Eben hat der Meisterpsychologe Hitler den Kommandeur der in Stalingrad eingeschlossenen Sechsten Armee zum Generalfeldmarschall ernannt - in der festen Überzeugung, im Besitz dieser Würde werde sich Friedrich Paulus nicht gefangen geben, sondern erschießen. Nun sehen wir ihn auf einer Aufnahme vom Februar 1943 als Gefangenen. Er hat den neuen Rang sofort in sein Soldbuch eintragen lassen und fordert nun entsprechende Behandlung. Zu befürchten hat er ohnehin nichts. Von den 90.000 in Stalingrad gefangenen deutschen Soldaten überlebten nur 5.000, doch von den 24 Generälen starb in der Gefangenschaft ein einziger - an Magenkrebs.

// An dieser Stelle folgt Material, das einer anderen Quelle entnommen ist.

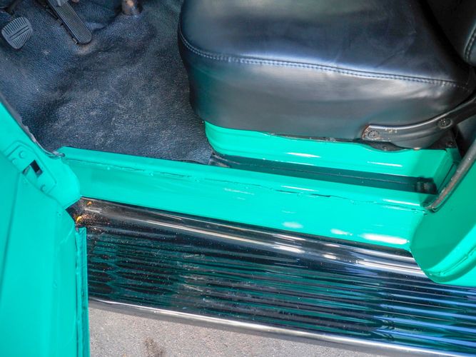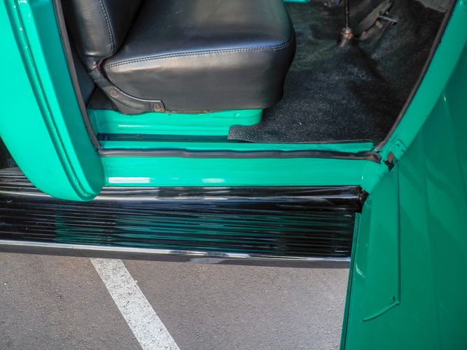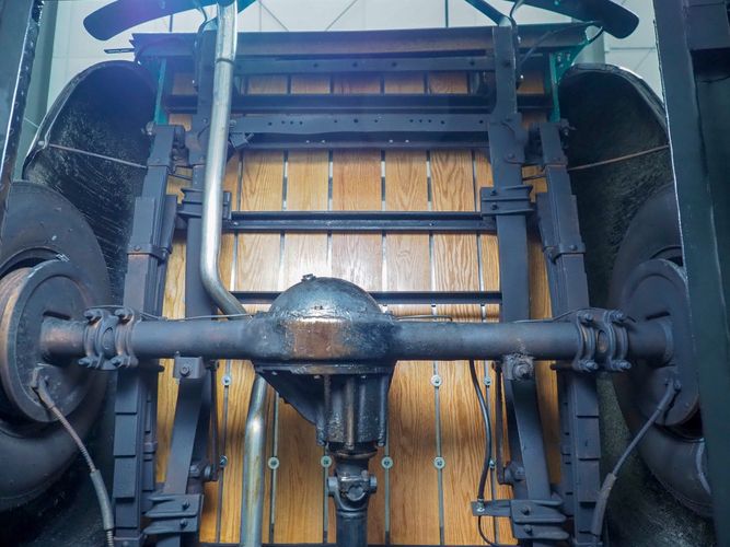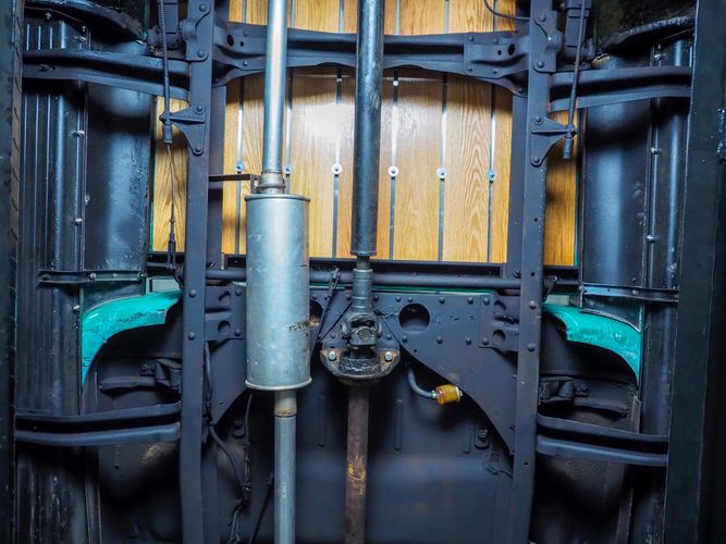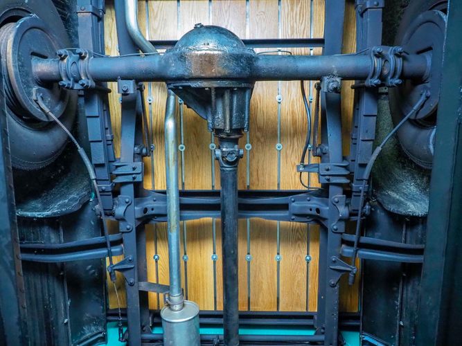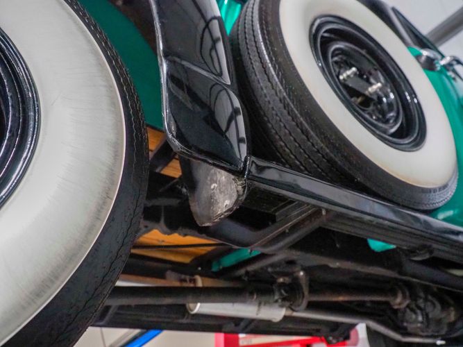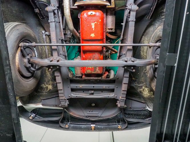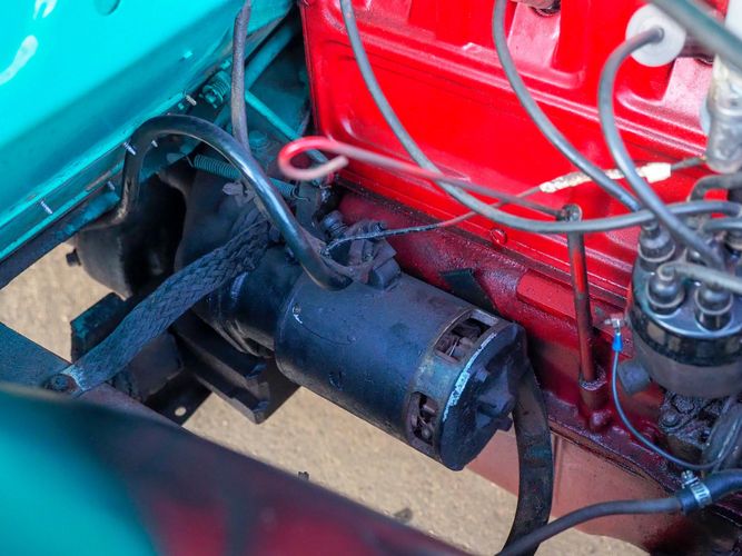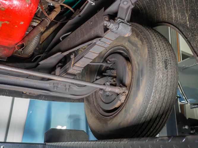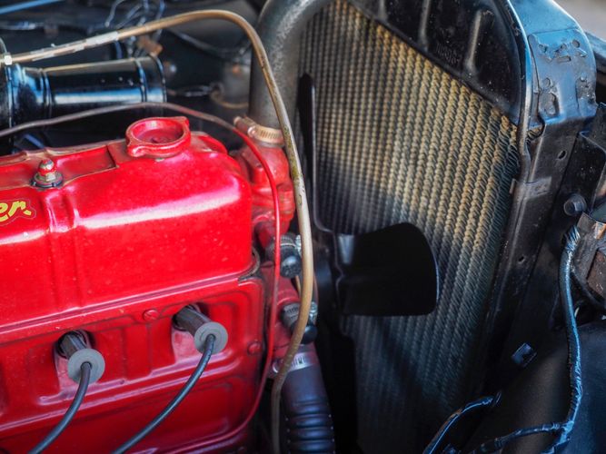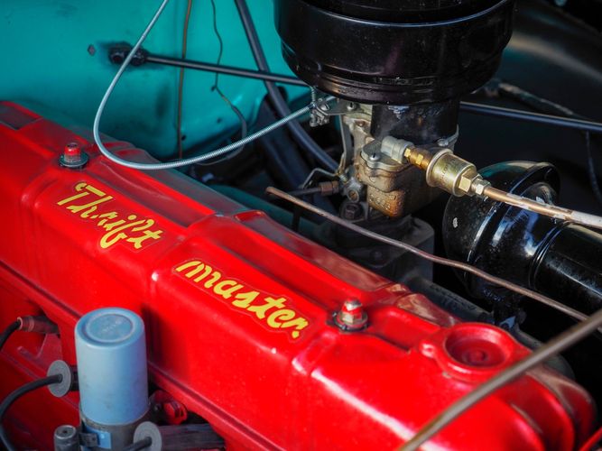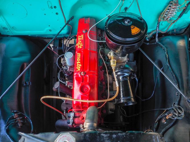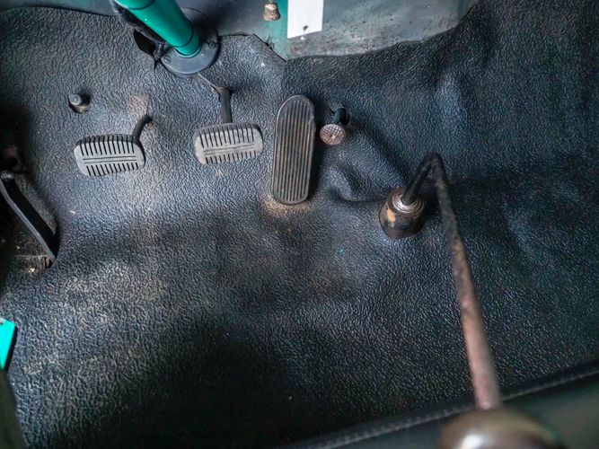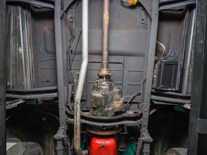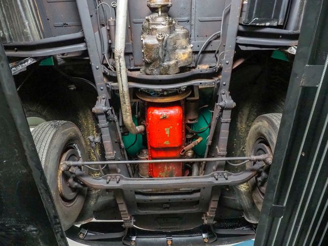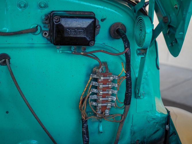 The interior is nicely restored with a new black vinyl bench seat, small door panels and a vinyl floor covering. The dash and inside of the doors were painted the same green color as the body and really pops. Sitting inside brings you back to a time when interiors were very minimal and did not have all the modern thrills were used to today. Gauges include a speedometer, coolant temperature, oil pressure and amperage gauge.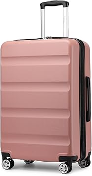 Kono 28 Inch Expandable Spinner Luggage with Wheels Hardshell Large Checked Suitcase TSA Lock Nude/Rose Gold

Im Hintergrund sehen wir den sowjetischen Militärdolmetscher Lew Besymenski, der später Historiker wurde und nun das Buch "Stalin und Hitler" geschrieben hat. Bereits damit, dass Besymenski den Titel des Werks von Alan Bullock "Hitler und Stalin" (so wie schon Sven Allard) umdreht, signalisiert er die andere Perspektive. Er schreibt die bis auf weiteres unsterbliche Geschichte der Beziehung zwischen den Diktatoren aus der Sicht der anderen Seite. Die aber ist noch lang nicht ausgereizt. Hier sei jener Aspekt erwähnt, der angesichts einer speziellen Legendenbildung wichtig erscheint. Die Lesart, Hitler sei bloß Stalin zuvor gekommen, als er die Sowjetunion angriff, wird nämlich noch immer kolportiert und ein in Moskau zum Vorschein gekommener Angriffsplan des späteren Marschalls Schukow gern in diesem Sinn gedeutet.

Nun erfahren wir, dass der deutsche Aufmarsch gegen die Sowjetunion - wie auch anders - deren Militärs längst bekannt war und Schukow die einzige Rettung darin sah, Hitler zuvorzukommen. Mit Stalins Frage, ob er übergeschnappt sei, war der Vorschlag vom Tisch. Der kalt rechnende Stalin hielt es einfach für unmöglich, dass Hitler sich auf den Wahnsinn eines Zweifrontenkrieges einlassen werde. Stalins Nein verhinderte eine noch schrecklichere Niederlage. Schukows Präventivangriff an den deutschen Flanken wäre ohne Treibstoff liegen geblieben, Moskau dafür der deutschen Hauptstreitmacht auf dem Präsentierteller dargeboten worden. Der Zustand der Roten Armee war schlecht, auch deshalb wäre ein Angriff auf Deutschland nicht in Frage gekommen.

Tragisch die Schicksale der sowjetischen Diplomaten, welche die Annäherung an Hitler auf Stalins Order betrieben hatten und später dafür büßen mussten. Für Historiker sind Besymenskis Ausführungen über Stalins persönliches Archiv von besonderem Interesse.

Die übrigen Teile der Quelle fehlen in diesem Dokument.